Financial Information and it’s Characteristics
What are the main characteristics of financial information?
One thing stakeholders take a look at is the financial statement you present. You must contain vital information and quality content. Some of what you may need to include are:
Completeness
The information presented to the shareholders should be complete. This means that all relevant transactions and events relating to the accounting period must show in the financial statements in accordance with relevant accounting principles. Roughly put, all transactions included in the statement occurred during the accounting period that the statement covers and that all transactions that occurred during the stated accounting period are included in the statement.
Prudence
The outcome of many events and circumstances presented in the financial statements may be uncertain. For example; a company can only be sure of receiving the cash from a credit sale when the customer physically transfers the cash to the seller. Prudence means exercising a degree of caution when preparing financial statements so that assets/revenues are not overstated and liabilities/expenses are not understated.
Reliability
Leaning more into information and what is considered to be reliable if it is: faithfully represented.
- This means that financial information must be similar to economic substance (which is part of the U.S. tax law that is used by the IRS to determine if tax shelters are used to abuse tax liability by reducing it, it is not merely the legal form of a transaction. To quote: “Under the doctrine, for a transaction to be respected, the transaction must change the taxpayer’s economic position in a “meaningful way” apart from the Federal income tax effects, and the taxpayer must have had a “substantial purpose” for entering into the transaction, apart from the Federal income tax effects.”

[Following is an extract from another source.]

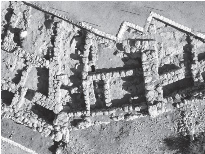
Fig. 5. The southern gate at Qeiyafa, in 2009. Aerial view of the of the Iron Age city: Khirbet Qeiyafa Area C (Garfinkel et al., 2009: 219).

- An example of this would be where a business sells assets at the year end but they agree to buy them back again the day after the year ends by contract. Although, legally, a sale has taken place – the key is that the company has not really sold the goods at all; roughly said, they are window dressing to bump up their year end revenues.
Comparability
Users must be able to compare financial information relating to the entity over time and against other business entities. To this end accounting treatments should be applied consistently from year to year and should be disclosed in the financial statements.
Materiality
Materiality is a vital source of importance to you and others who will be filling out financial statements. Through this information – it can potentially influence the economic decisions of the users when taken on the basis of the financial statements as a whole. This also provides relevance.
- Relevance: information is looked at to be relevant if it has the ability to impact the economic commitments and decisions of the users and it is provided in time to influence those decisions.